Do Supremo

repercussão geral

STF vai decidir se emenda do divórcio de 2010 extinguiu a ‘prévia separação’

Fux afirmou que mudança constitucional ensejou interpretações variadas no Judiciário e dúvidas sobre prazos

Foto: brasil.gov.br

Por proposta do ministro-relator Luiz Fux, o pleno do Supremo Tribunal Federal (STF) vai julgar – com repercussão geral para as demais instâncias – recurso extraordinário em que se discute controvérsia quanto à supressão da exigência de “prévia separação” de fato ou judicial para o pedido de divórcio, tendo em vista a superveniência da Emenda Constitucional 66/2010, que modificou o parágrafo 6 do artigo 226 da Constituição.

A emenda constitucional em causa é a seguinte: “O casamento civil pode ser dissolvido pelo divórcio”. Assim, suprimiu-se o requisito de “prévia separação judicial por mais de um ano” ou de “comprovada separação de fato por mais de dois anos”.

A maioria qualificada dos ministros do STF já votou, no plenário virtual, a favor do julgamento do RE 1.167.478, originário do Rio de Janeiro – e que discute divisão de patrimônio comum do casal – pelo pleno presencial.

Na sua manifestação nos autos do leading case, o ministro Luiz Fux registra que a 4ª Turma do Superior Tribunal de Justiça (STJ) já firmou o entendimento de que “a dissolução da sociedade conjugal pela separação e a dissolução definitiva do casamento pelo divórcio versam institutos distintos”.

O relator destaca que “a questão constitucional trazida à apreciação desta Suprema Corte cinge-se à controvérsia quanto à derrogação da exigência de prévia separação de fato ou judicial para o pedido de divórcio, tendo em vista a superveniência do disposto no parágrafo 6º do artigo 226 da Constituição da República, com a redação dada pela Emenda Constitucional 66/2010”.

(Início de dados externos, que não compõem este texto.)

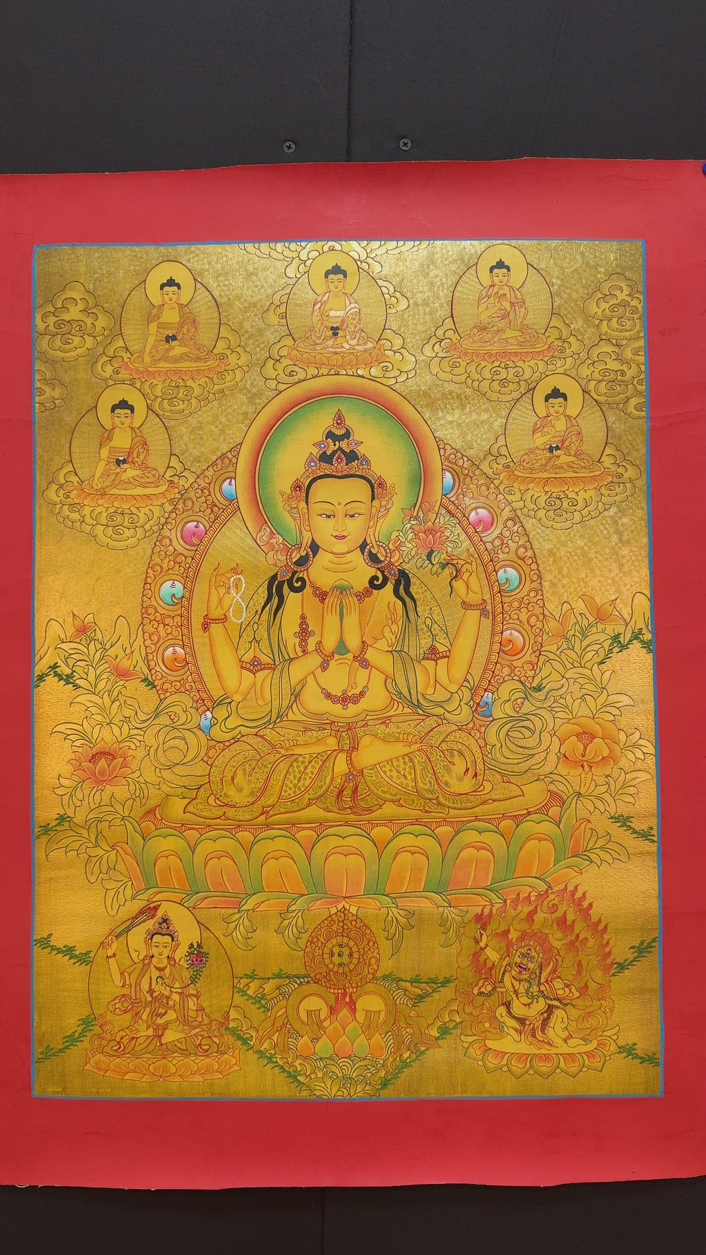 This thangka of Chenrezig with the Five Dhyani Buddhas is more than a sacred painting; it serves as a spiritual gateway that invites peace, protection, and compassionate energy into your surroundings.

E acrescenta: “Nesse prisma, a alteração da redação constitucional ensejou interpretações variadas na doutrina e posicionamentos conflitantes no Poder Judiciário acerca da manutenção da separação judicial no ordenamento jurídico, bem como a respeito da exigência de se observar prazo para o divórcio”.

No RE, a recorrente argumenta que o parágrafo do artigo 226 da Constituição apenas estabeleceu o divórcio, e que o seu exercício foi regulamentado pelo Código Civil, o qual exige a prévia separação judicial. Assim, por haver previsão no Código Civil da separação judicial, esse instituto deveria ser respeitado, “salvo se o Supremo Tribunal Federal, em sede de controle concentrado de constitucionalidade, retirá-lo do ordenamento jurídico”. E que, por fim, seria competência de lei federal criar as condições pelas quais o divórcio pode se concretizar.

Para o ministro Luiz Fux, “a controversa questão transcende os limites subjetivos da causa, uma vez que possui impacto em diversos casos nos quais, à semelhança do presente recurso extraordinário, discute-se a possibilidade de exigir-se prévia separação judicial para o divórcio, bem como a subsistência da separação judicial como figura autônoma no ordenamento jurídico”.